(SUPPLIED DATA)

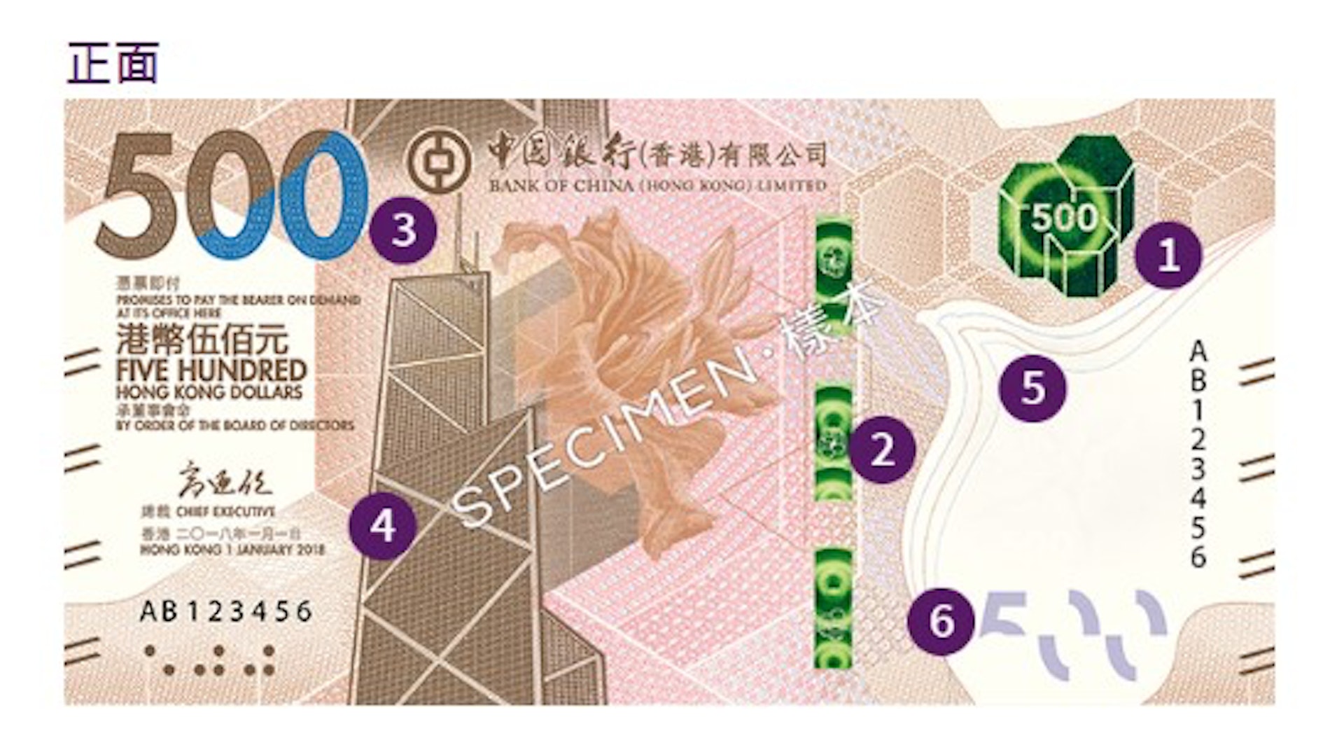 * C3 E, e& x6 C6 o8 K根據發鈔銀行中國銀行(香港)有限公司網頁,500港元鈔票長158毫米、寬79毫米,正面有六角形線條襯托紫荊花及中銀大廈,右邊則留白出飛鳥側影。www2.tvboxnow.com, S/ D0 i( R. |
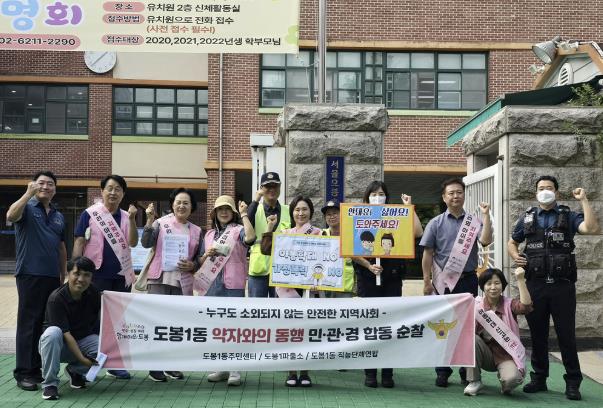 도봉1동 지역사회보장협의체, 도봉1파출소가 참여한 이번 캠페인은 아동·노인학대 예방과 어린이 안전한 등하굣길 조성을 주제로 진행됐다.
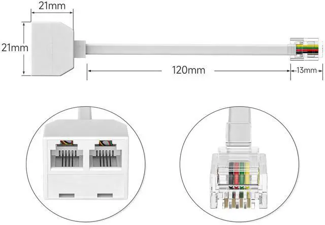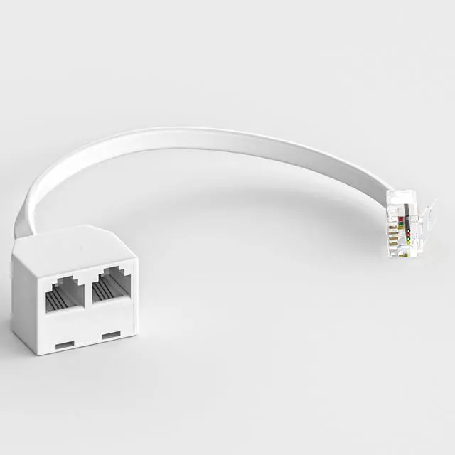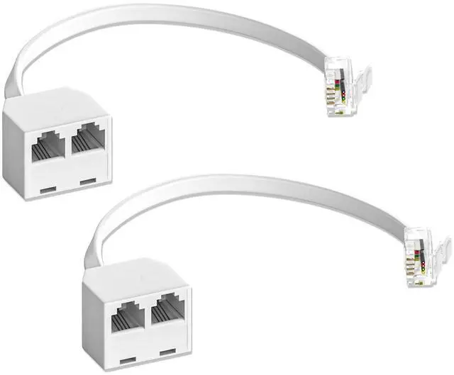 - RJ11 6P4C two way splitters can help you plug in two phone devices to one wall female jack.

(End SUPPLIED DATA)

-- WHAT YOU WILL DO --
Only the pictures are dropped when you print the material; everything else is copied exactly.

-- RESULT --
 * C3 E, e& x6 C6 o8 K根據發鈔銀行中國銀行(香港)有限公司網頁,500港元鈔票長158毫米、寬79毫米,正面有六角形線條襯托紫荊花及中銀大廈,右邊則留白出飛鳥側影。www2.tvboxnow.com, S/ D0 i( R. |
 도봉1동 지역사회보장협의체, 도봉1파출소가 참여한 이번 캠페인은 아동·노인학대 예방과 어린이 안전한 등하굣길 조성을 주제로 진행됐다.
 - RJ11 6P4C two way splitters can help you plug in two phone devices to one wall female jack.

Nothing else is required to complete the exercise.